= Antonio Iturrioz =

Cuban-born American classical pianist

Antonio Iturrioz is a Cuban born American classical pianist. He is a noted performer, documentarian and a piano teacher.

==Early life==
Antonio was born in Cuba in the town of Havana. His teachers include his father Pablo Iturrioz, Francisco de Hoyos, Bernardo Segall (who was a pupil of Siloti), Aube Tzerko and Julian White. He has taken many master classes with Andre Watts, Alexis Weissenberg, Byron Janis and Jorge Bolet.

==Musical style and discography==
Antonio gave his first performance at age 9 and made his orchestral debut at age 15. After an injury to his right hand in his early years, he took 3 years to recover when he studied the complete left hand transcriptions and original compositions of Leopold Godowsky.

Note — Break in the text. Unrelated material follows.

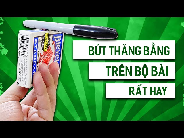 Then he removes one of the decks from underneath the Sharpie. It stays horizontally in the air! He slides his hands under and above the Sharpie, nothing is keeping it in the air!
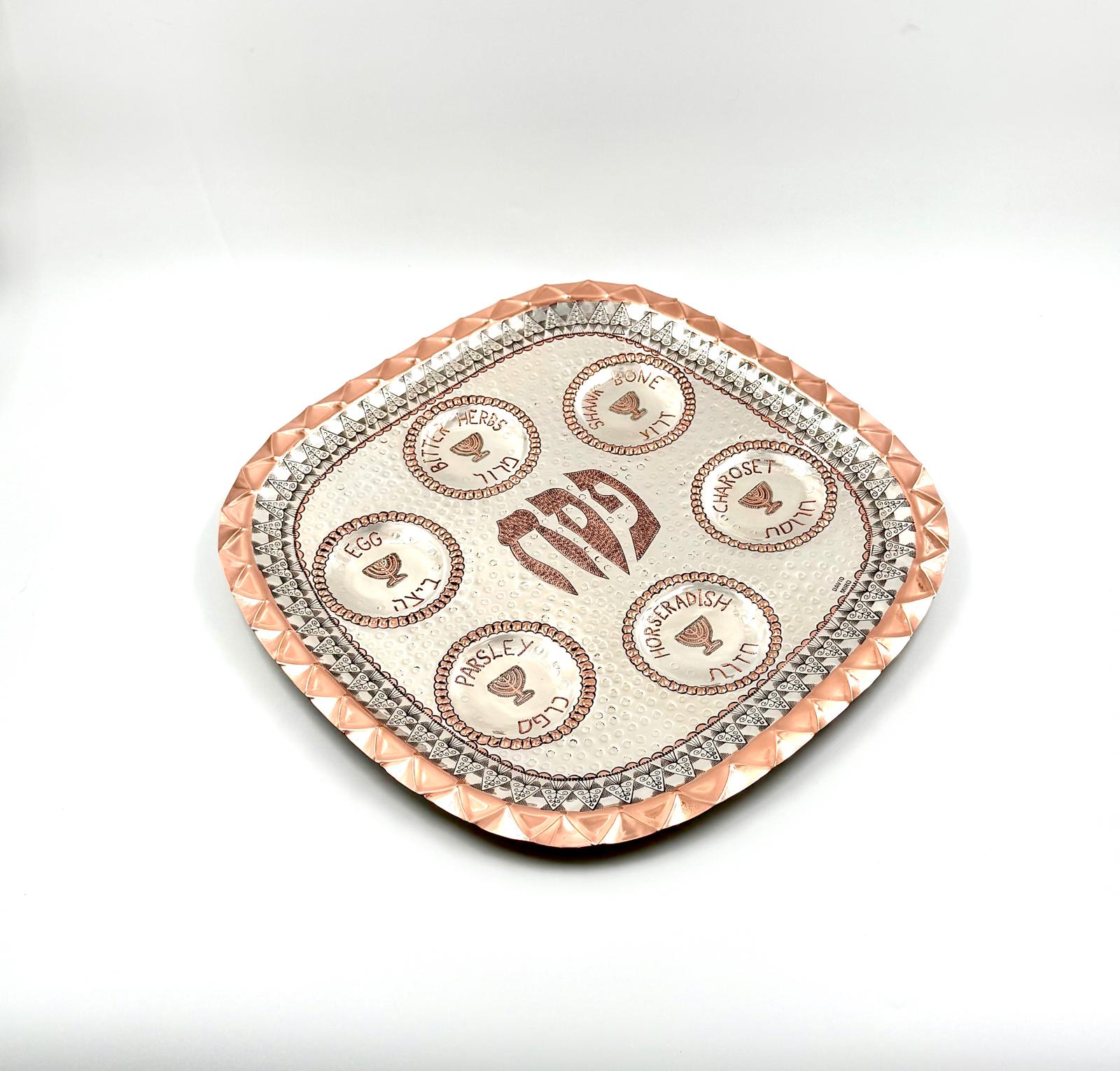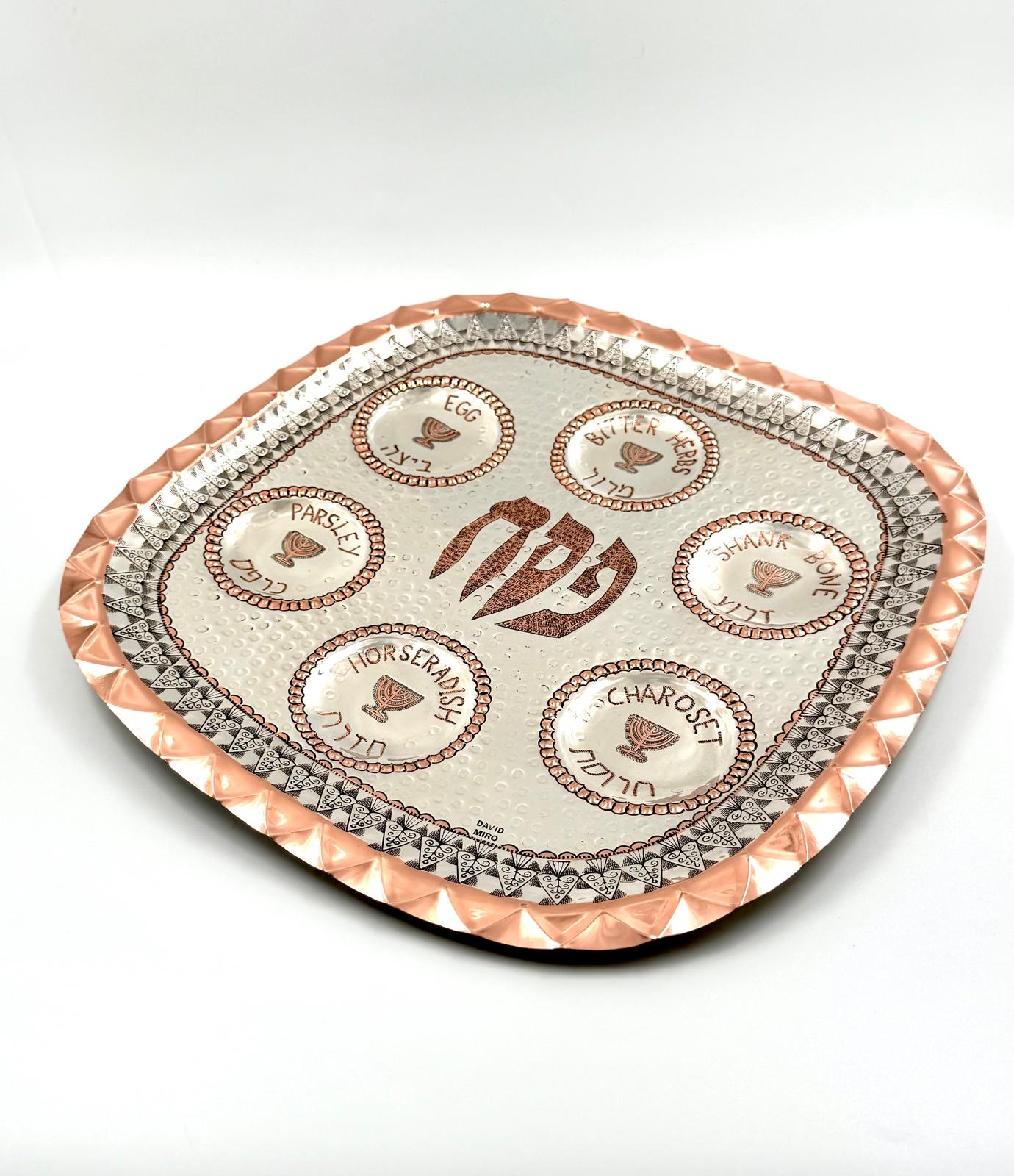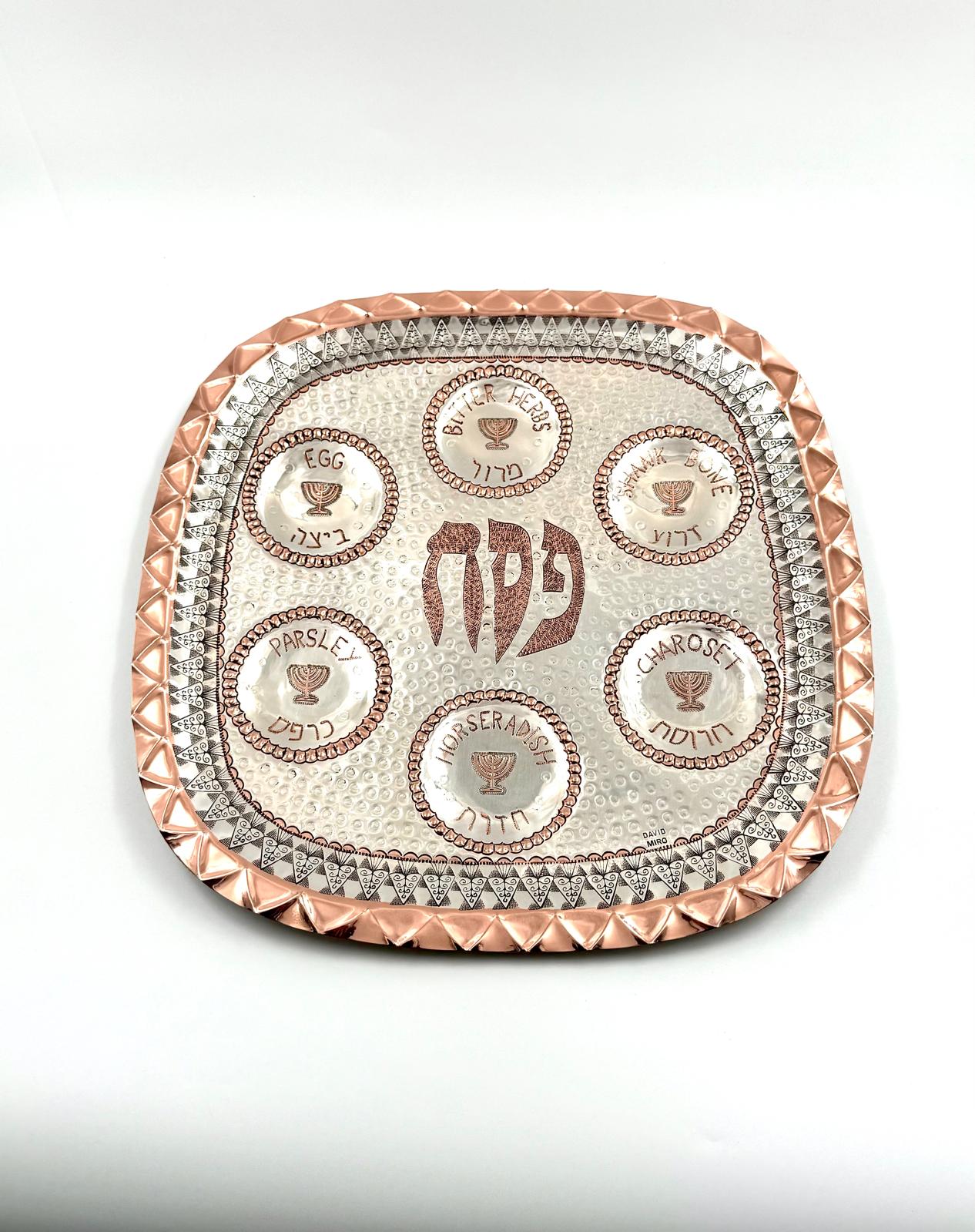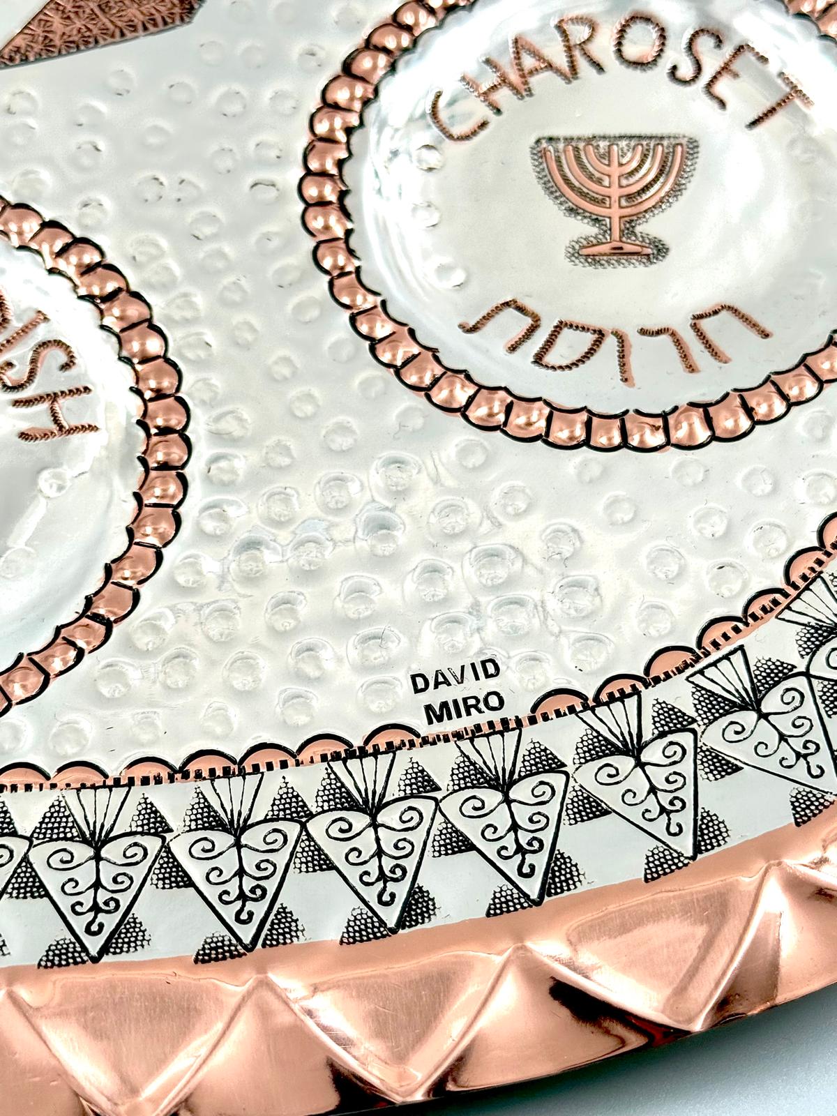 A hammered copper Passover Seder plate with silver plating. Lacquered and heated in an oven to prevent blackening.

Antonio's first documentary “The Art of the Left Hand: A Brief History of Left Hand Piano Music”, was the result of his many years of studying the left hand piano repertoire and Godowsky was the central figure. In 2010 Antonio created a documentary called "The Buddha of the Piano - Leopold Godowsky" based on his research into the composers life and music. The documentary has been shown on public television across the United States. Antonio is a Steinway Artist Antonio is the Director of the New International Godowsky Society. In September 2018, Antonio released a new album on the Steinway Label named Gottschalk and Cuba, which contains the first ever recording of A Night in the Tropics, Symphony Romantique, with both movements on piano.

==Personal life==
Antonio is married and lives with his wife in the Russian River Area of Sonoma, California.